I'm getting through a HCF problem and I'm having trouble taking the primes and determining what way to string them to sum up to the HCF. Here's what I have
270 and 900 are the targets
270 = 2 X 3 X 3 X 3 X 5
900 = 2 X 2 X 3 X 3 X 5 X 5
The HCF is 90, I came to that conclusion by repeatedly guessing combinations of the prime factors, I got the answer but there was no logic or process to it. Where do I go from the stage I'm at to the answer?
$$270 = 2^\color{blue}{1}\times 3^3\times 5^{\color{blue}{1}}$$ $$900 = 2^2\times 3^{\color{blue}{2}}\times 5^2$$
You ask how to find the HCF (also notated as the gcd) of $270$ and $900$? You can do this by inspection by looking at the prime factorizations and taking as many copies of each prime as the number who had the fewer of that prime present. Here, $2$ appears in $270$ once and twice in $900$ so we will use just one copy of $2$. $3$ appears three times in $270$ and twice in $900$ so we'll use two copies of $3$. Similarly $5$ once in $270$ and twice in $900$ so we'll use one copy of $5$. These are the only primes in use, giving a final answer of $2\times 3\times 3\times 5 = 90$.
$$90 = 2^\color{blue}{1}\times 3^\color{blue}{2}\times 5^\color{blue}{1}$$
Recall that a prime missing from one of the numbers is equivalent to the prime appearing with its power equal to zero
A more formal method is the Euclidean Division Algorithm.

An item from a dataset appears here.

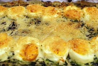 - Poser les demi oeufs sur le mélange épinard-béchamel.

Starting with $900$ and $270$ we ask what the largest integer multiple is of $270$ (the smaller) which is smaller than $900$ (the larger). That would be $3\times 270 = 810$. Since we know (with $a\neq b$) that $\gcd(a,b)=\gcd(a-b,b)$ this implies that $\gcd(900,270)=\gcd(900-3\cdot 270,270)=\gcd(90,270)$. From there it is clear that $90$ is a divisor of $270$ and so the HCF is $90$ itself.